The length of messages people talk about most (and presumably care about the most) is the length in the /presention layer/, that is, being able to write a message of a certain length and have it handled as one message, not as one that is split up.

It seems that, taking the twister_html client as example, there exists knowledge in the system on:

  1. how many parts a messages consists of
  2. which part of this message it is (the "order" in the sequence)

The underlaying transport (DHT/torrents) may require a certain message length to function optimally. As @miguelfreitas notes, likely something below 15kb.
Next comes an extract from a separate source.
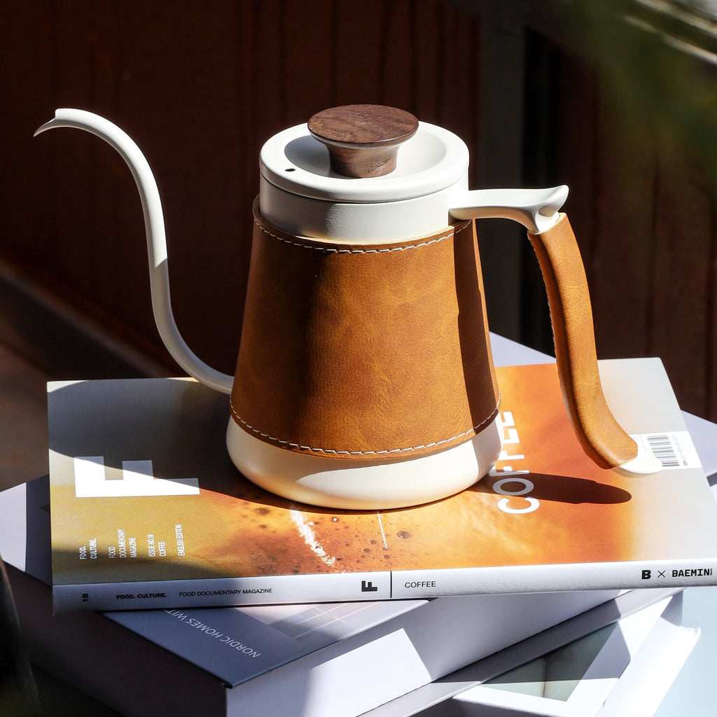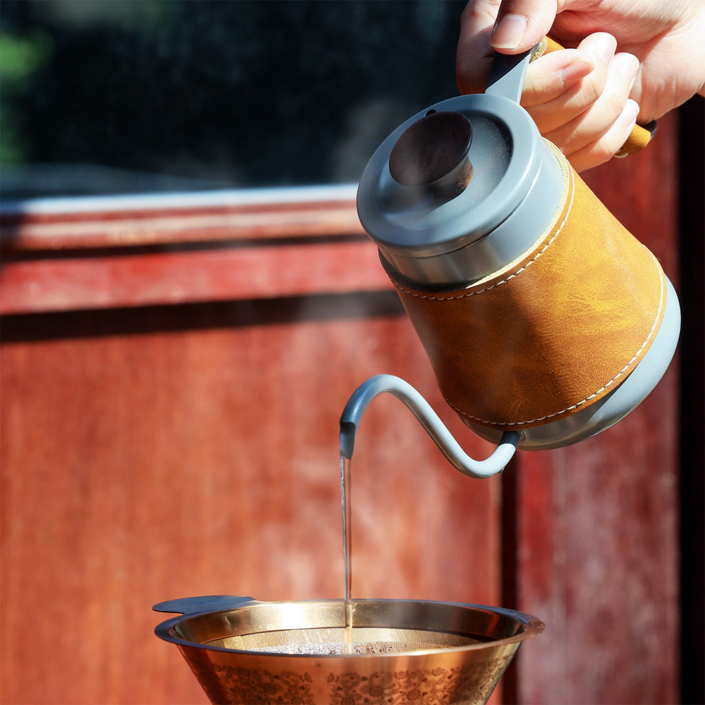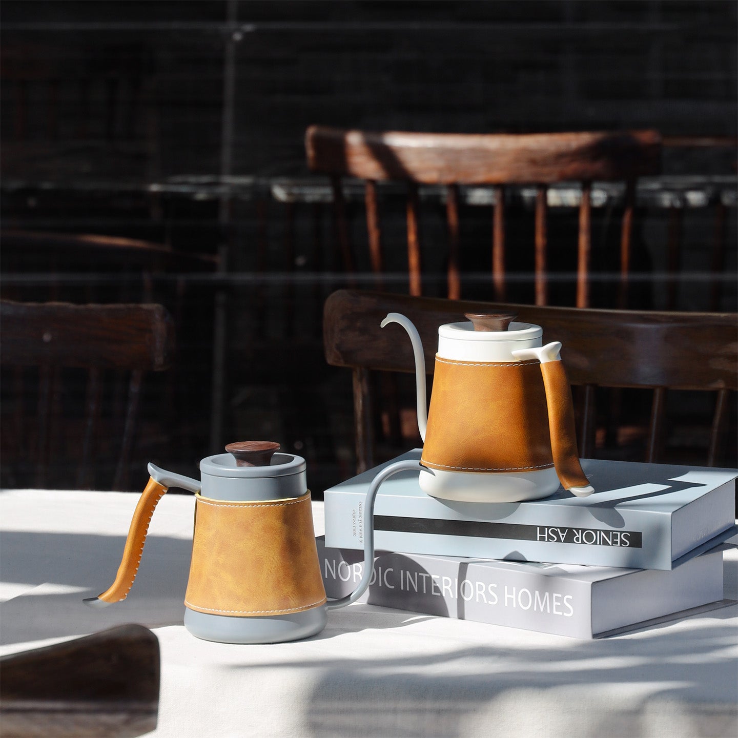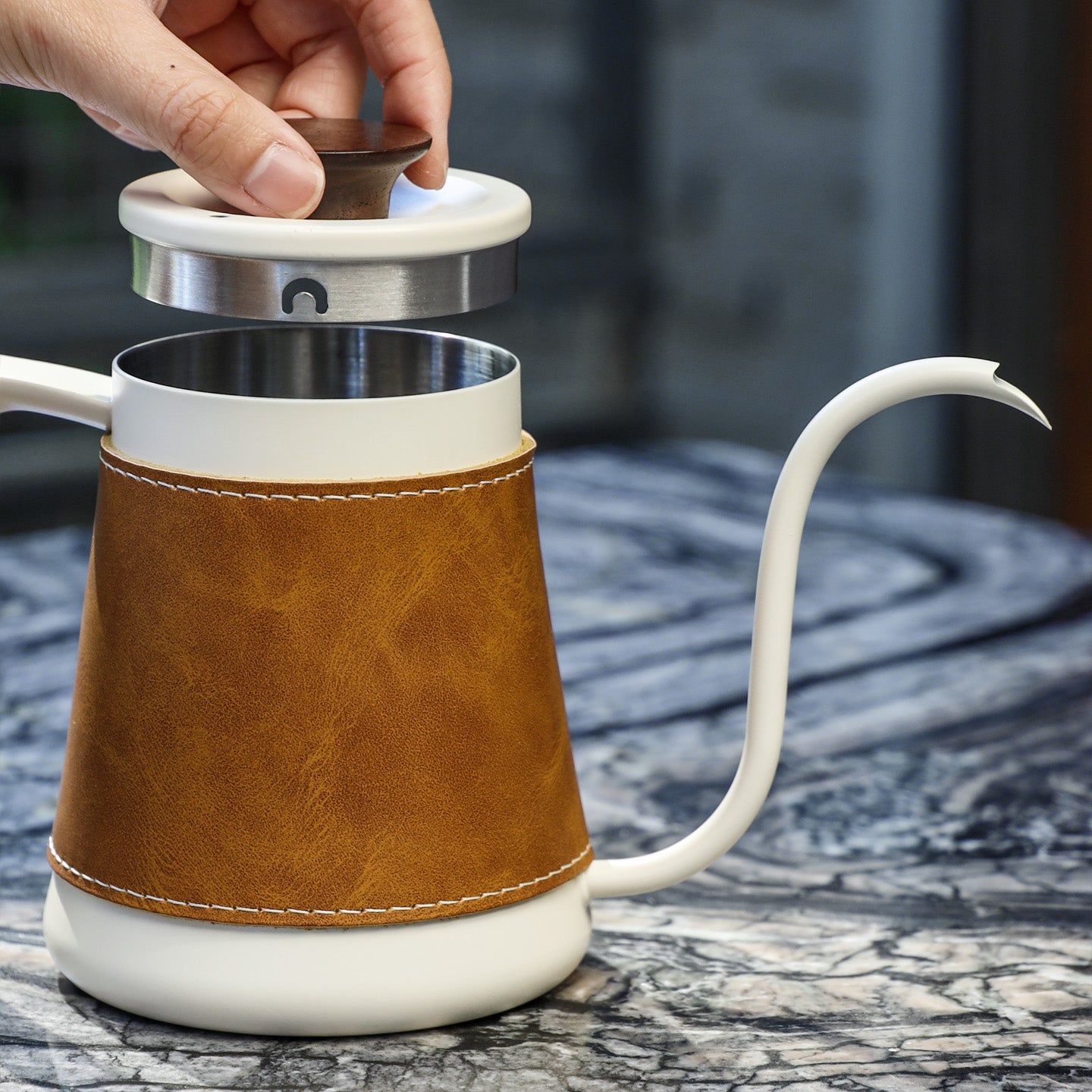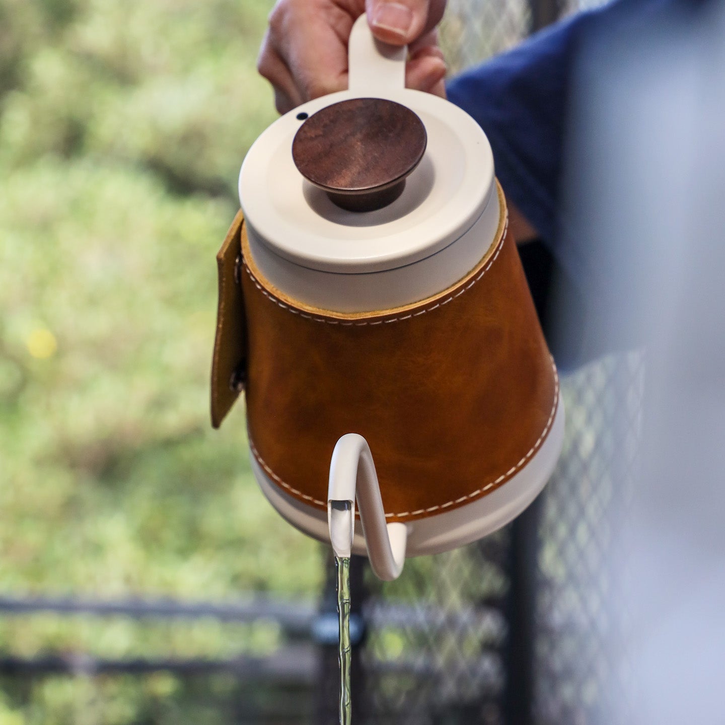 - S-förmiger Ledergriff: Dieser Griff wurde für ergonomischen Komfort und Hitzebeständigkeit entwickelt und ahmt einen Schwanenschwanz nach (daher der Name „Schwanenhals“) und bietet einen stabilen Halt für kontrolliertes Ausgießen.

If the client can transparently split and re-assemble the 'transport packets', and this seems to be the case, the length of the message in the /presentation layer/ becomes 'just a configuration option' locally and would make the discussion of the length in that layer a bit easier.

rbertoche commented 10 years ago

Well, I though the concept of chained messages by itself would remove that limit to the user, and that the only idea about post splititng was a transparent one...

If I get what you're talking, that /presentation layer/ length is a local artifical limit to prevent long message spamming?

Still, this shouldn't affect links: If we choose a certain max length of a post composed of chained messages, this length should affect only those bytes that are printed, since that is about user interface only. Links could still have unlimited length, if we want. Most likely it would have another limit for some another reason.

This will be only brainstorming until chained messages come upstream...

On 27 May 2014 10:52, Marcel van der Boom notifications@github.com wrote:

The length of messages people talk about most (and presumably care about the most) is the length in the /presention layer/, that is, being able to write a message of a certain length and have it handled as one message, not as one that is split up.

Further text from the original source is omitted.